Infrastructure

General description of test facility

It is well known that Greece suffers from destructive earthquakes. Obviously, the best way to mitigate the effects of earthquakes is to improve knowledge on the structural behaviour and to compile the necessary regulations for earthquake design.

Ever since 1965 a mechanical shaking table was used for earthquake related research at the Institute for Structural Analysis and Aseismic Research of the National Technical University of Athens (NTUA). Research was done there especially on scaled models in conjunction with a series of analogue computers. Later on, based on this experience, Professor P. Carydis, the first director of the Laboratory for Earthquake Engineering (LEE) of the NTUA, co-innovated with the American company MTS what in 1981 was a new kind of shaking table.

The destructive earthquakes that occurred in major cities of Greece during the period 1978-1981 resulted in an initiative for the construction of the shaking simulator at the LEE of the NTUA. The entire project was funded from national sources. The simulator consists of a rigid platform 4mx4m, with 6 degrees of freedom and of a system controlling the input motion and monitoring the response of the specimen tested on the platform

The earthquake simulator was calibrated and became fully operational at the beginning of 1986.

The 6 DOF shaking simulator with its control system was, at that time, unique. It was manufactured in the USA with the exception of the steel table as well as some minor items of the facility that were constructed in Athens. The weight of the reinforced concrete reaction mass amounts to 25MN. The facility has a full active control along the 6 degrees of freedom.
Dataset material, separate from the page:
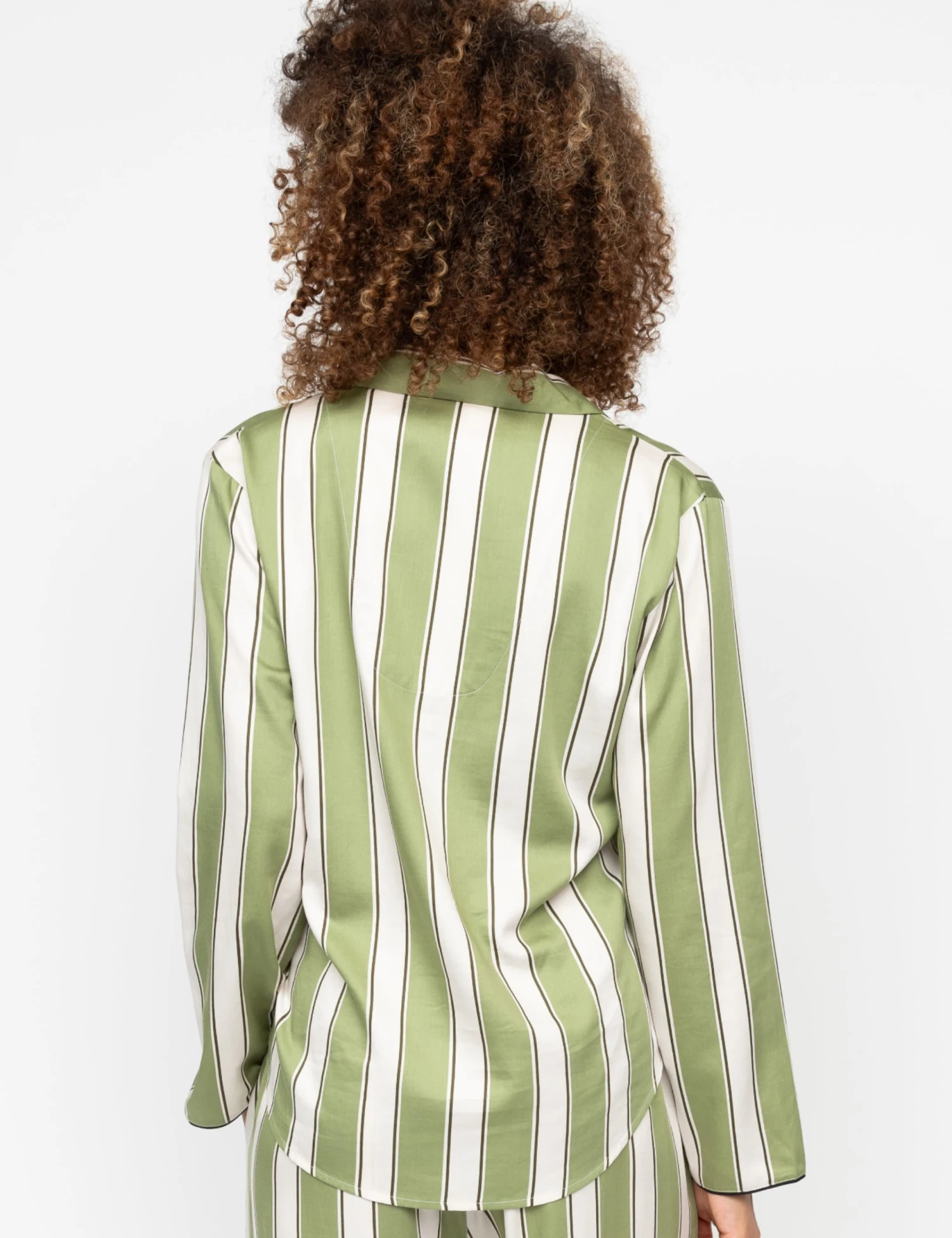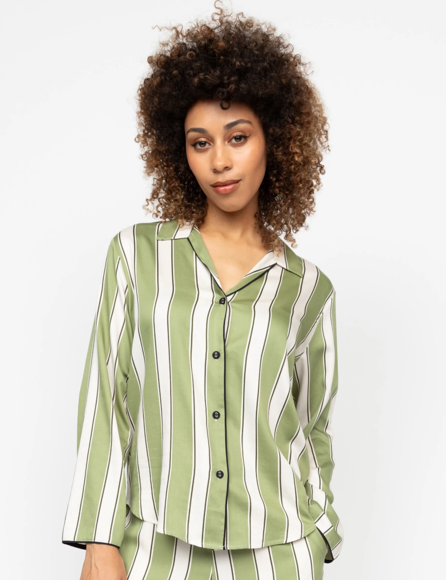 This stylish Cyberjammies pyjama top is crafted from a cotton-modal blend for a luxuriously soft feel. The long-sleeved piece is cut in a comfy regular fit, with a smart collar and covered buttons through the front. Crisp stripes create a timeless look, while contrast trims provide a sophisticated finish.

The whole laboratory and the adjacent to it office building was specially designed and constructed to serve the facility under consideration.

The main characteristics of the earthquake simulator may be summarised as follows:

Platform

. Dimensions: 4x4x0.6 (m3); Weight: 100(kN); Material: Steel
. Number of independent degrees of freedom: six(6)
. Max Weight of Specimen: 100(kN), if center of mass is at 2(m)   above the Simulator's platform.
. Max Horizontal Force (at each direction X,Y): 320 (kN)
. Max Vertical Force (direction Z): 640(kN)
. Max displacement of the platform (each axis): ± 10 (cm)
. Max rotation (about each axis) ± 7x10-2 (rad)
. Max acceleration to each horizontal direction (X, Y): 2.0 (g)
. Max acceleration to vertical direction (Z): 4.0 (g)
. Max Velocity to each axis (simultaneous performance): 100   (cm. sec-1)
. Operating frequencies (for each degree of freedom): 0.1-50   Hz
. Electric Power Installed: 1200 kVA

Control

Analogue Unit: Specific analogue unit with which the user has the possibility of independent performance of each degree of freedom. The unit can produce and combine: sinusoidal, quadrangular etc vibrations for each direction simultaneously. External recordings of other receivers can be used to provide input to the analogue unit.


Digital Unit: PC based digital unit. Possibility of exciting the platform with strong motion data stored in the computer, through D/A converters. The six degrees of freedom can be excited simultaneously or independently. Creation of input signals with specified spectra or other characteristics. In parallel, to main pc a second control unit is functioning based on PC. With this acquisition, it is possible to handle longer input motions (of several minutes duration) to increase the resolution and to accelerate the evaluation of results.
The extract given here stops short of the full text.